Matheus Lopes Silva (doctoral student from Brazil) and Dr Gerold Jerz at a high-performance countercurrent chromatography system for the preparative isolation of bioactive natural compounds from complex crude extracts (separation capacity approx. 500-1000 mg dry extract/hour). Picture credits: Matheus Silva

CCC, despite its enormous advantages in application, is not yet a very common chromatographic purification technique. It is possible to work cost-effectively with recoverable solvent mixtures or so-called renewable green solvents. Many Brazilian universities lack the equipment, training or knowledgeable personnel to use this method. This current, practice-oriented research makes an important contribution to the scientific exchange between Brazil and Germany.

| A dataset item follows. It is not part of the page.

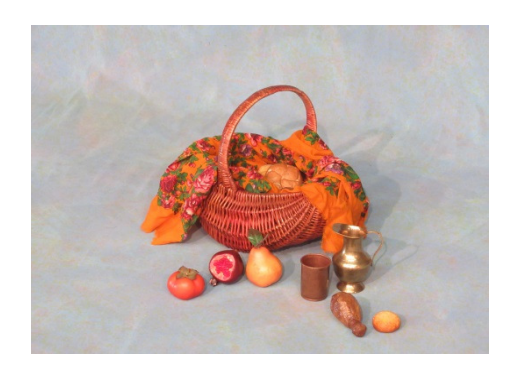
PICNIC BASKET, CLOTH, FOOD, BRASS PITCHER, COPPER CUP
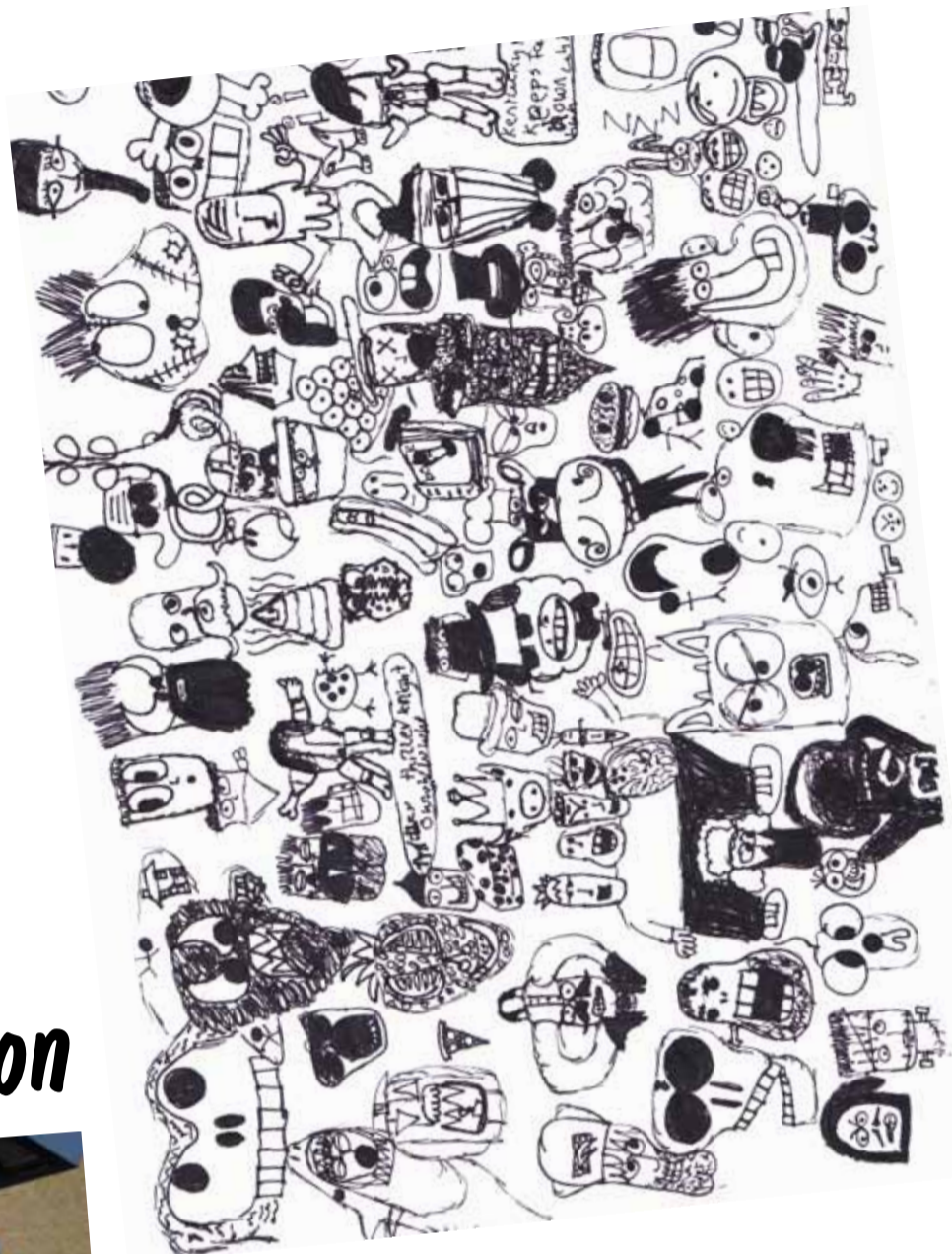
guest illustrator: Miles Dodd

Among the advantages already indicated in the use of CCC for natural substance purification, one fact in particular is of great importance: the entire substance quantity that was used for preparative separation can also be completely recovered in fractionated form – without any material losses (chemisorption). In contrast, classical solid-phase chromatography on silica gels, among others, shows this undesirable effect and can possibly lead to the loss of the bioactivity actually sought in the course of the isolation process.

As of the end of the project in March 2023, we have now achieved a complete identification of the natural compounds that can be isolated on a laboratory scale from the available extracts of Baccharis sphenophylla. Further evaluation of these natural compounds as potential lead compounds against Trypanosoma cruzi will now take place at the designated specialist institute for NTDs, the Adolfo Lutz Institute under Prof. Dr André Tempone (São Paulo, Brazil). We hope that we have come a little closer to our goal – new innovative, tolerable and cost-effective substances for the therapy of Chagas disease.